Content creators skirt around Thailand’s pornography laws because OnlyFans is a “controlled and closed” space, so it would difficult to be prosecuted.
But a lecturer at Chulalongkorn University’s Faculty of Law, says adult content creators cannot demand protection under the law when their photos and videos are unlawfully disseminated by others, as under Thai laws, the content is considered “obscene” material.
In fact, he said, they risk being prosecuted under existing laws.
Finally, and not related to the last story… Rescue workers in Bangkok received an unusual call for help from a hospital in the Nong Khaem district on Sunday. A caller from the local hospital reported that they needed help treating a man who’d got his finger trapped in a metal ring.

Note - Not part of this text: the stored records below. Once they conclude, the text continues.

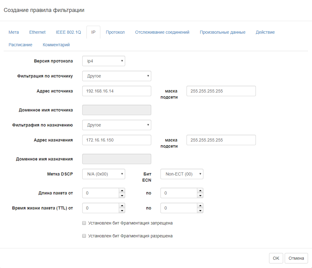 В новом окне «Создание правила фильтрации» на вкладке «IP» в поле «Адрес источника» необходимо задать ip-адрес 172.16.16.150, в поле маска подсети необходимо задать маску подсети 255.255.255.255, в поле «Адрес назначения» необходимо задать ip-адрес 192.168.1.1, в поле маска подсети необходимо задать маску подсети 255.255.255.255.
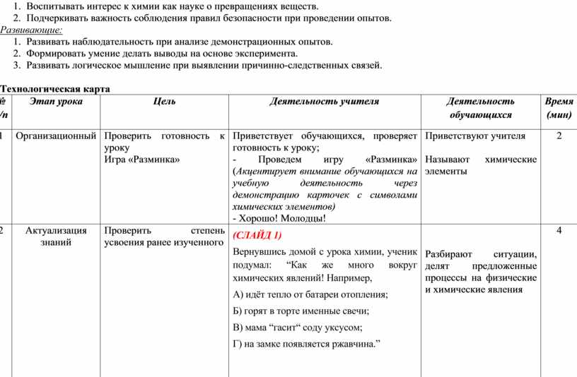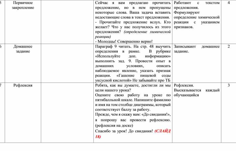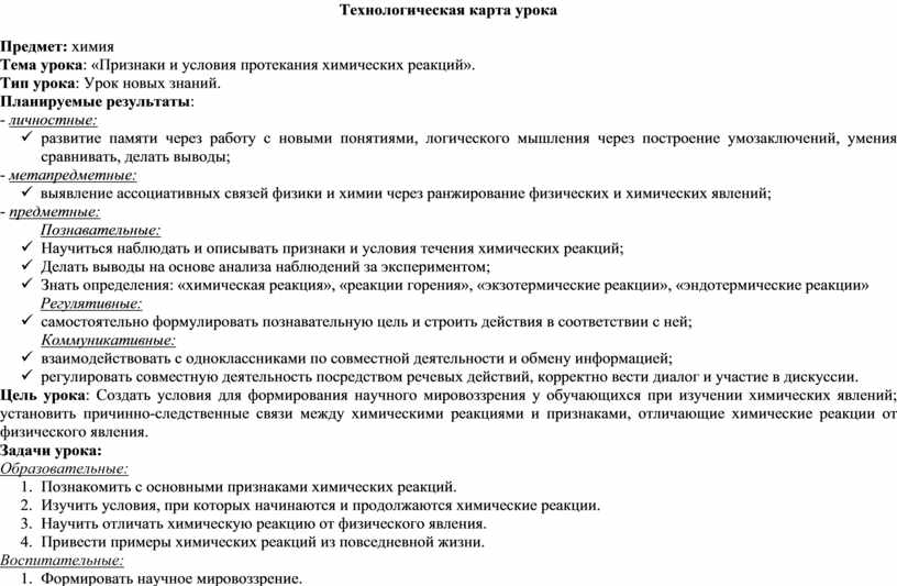 Технологическая карта урока на тему "Признаки химических реакций и условия их протекания"
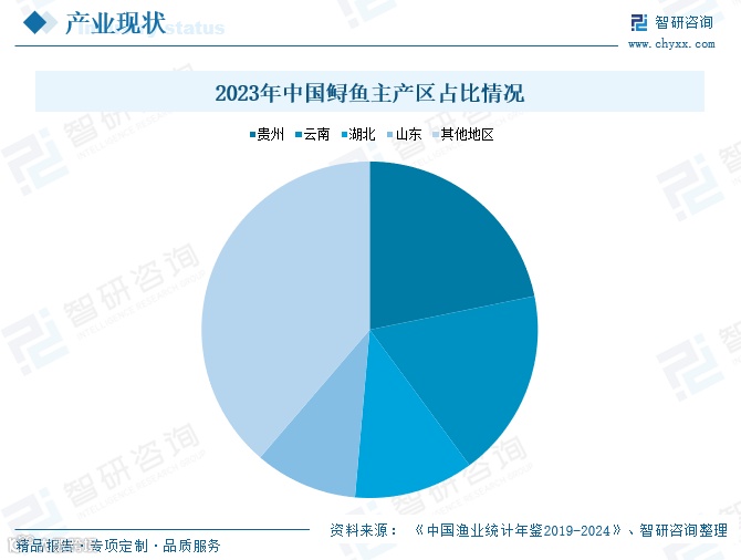 目前我国已成为全球最大鲟鱼养殖国,产量从2003年的1.09万吨增至2023年的14.94万吨,占全球养殖总量85%以上,贡献全球鱼子酱贸易超40%。2024年产量突破15万吨。区域集中度高,主产区为贵州、云南、湖北、山东、河北、四川等地。其中云贵地区凭借优质冷水资源占据全国产量40%。2023年,贵州(3.25万吨)、云南(2.70万吨)、湖北(1.71万吨)、山东(1.48万吨)四省合计占比达61%,贵州跃居首位,湖北增速高达72.5%。
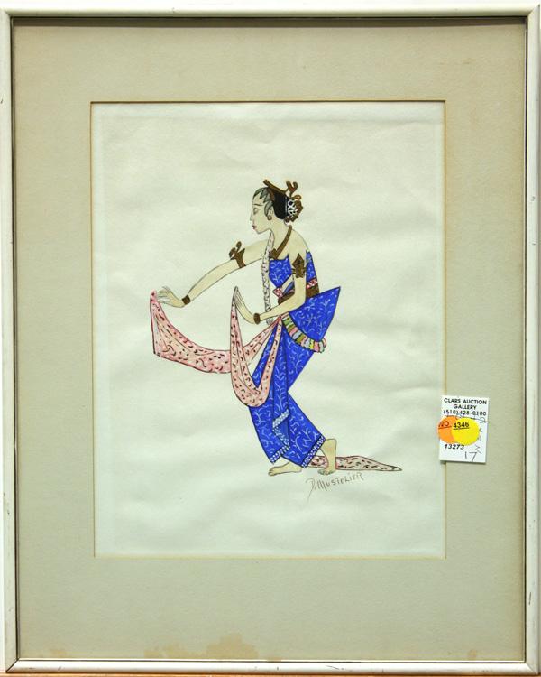 Framed gouache on paper, Dancer, 20th century, signed ''D. Mustelier'' lower right, overall: 18''h x 14.5''w
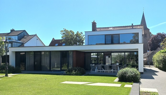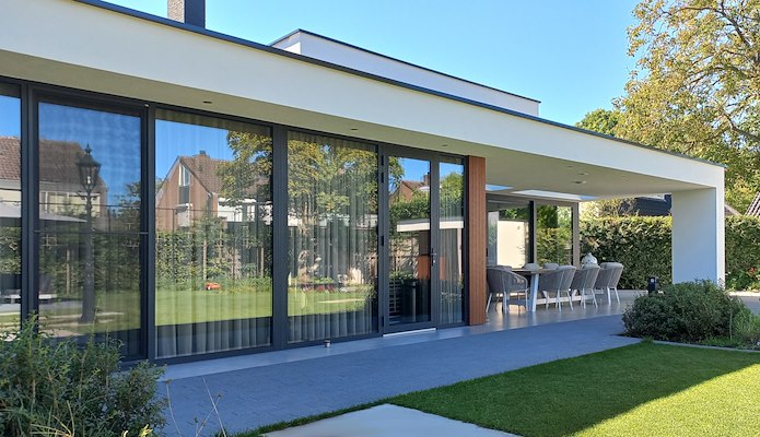 Bij de uitbreiding van dit woonhuis in Waalre zijn de nieuwe ruimten en de veranda aan de achterzijde en de dubbele carport aan de voorzijde en de twee slaapkamers op de verdieping in een strak stucwerk kader geplaatst.
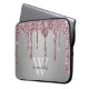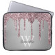 Rose Gold Pink Glitter Drips Silver Monogram Name Laptop Sleeve
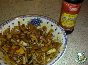 Лук нарезать и замариновать в соевом соусе на 15 минут
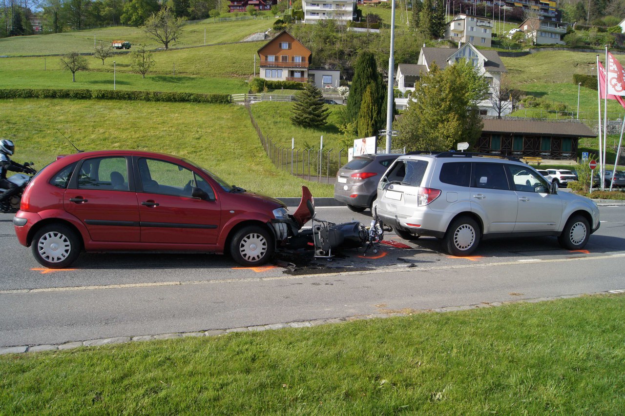 Am Mittwoch (10. Mai 2017), kurz nach 17.00 Uhr, kam es auf der Seestrasse in Unterägeri zu einem Auffahrunfall. Ein 37-jähriger Autolenker bemerkte zu spät, dass ein Auto und ein Motorrad vor einem Fussgängerstreifen angehalten hatten. Er prallte in das Motorrad, das in das Heck des vorderen Autos geschoben wurde. Der Motorradlenker wurde vom Rettungsdienst Zug betreut und zur Kontrolle ins Spital überführt. Wie die Abklärungen ergaben, hatte der 29-Jährige Glück im Unglück und erlitt bei der Kollision nur Prellungen. Beim Unfall entstand Sachschaden von rund 6000 Franken. Während der Sachverhaltsaufnahme musste der Verkehr auf der Seestrasse im Bereich der Unfallstelle kurzzeitig einspurig geführt werden. Im Einsatz standen Mitarbeitende des Rettungsdienstes Zug, eines Abschleppunternehmens sowie der Zuger Polizei.

But when rescue workers arrived at the hospital, it was in fact the man’s penis that was stuck inside an iron ring. The hospital did not have the necessary equipment to remove the item, which was around 2 millimetres in thickness … the ring that is!
The rescue foundation says the man’s penis was inflamed and it took them nearly 2 hours to cut the ring off. It’s understood the unnamed patient was between 25 and 30 years of age and had been engaged in a sexual experiment gone wrong. The volunteer team says this is the second time they’ve had to deal with this type of misadventure.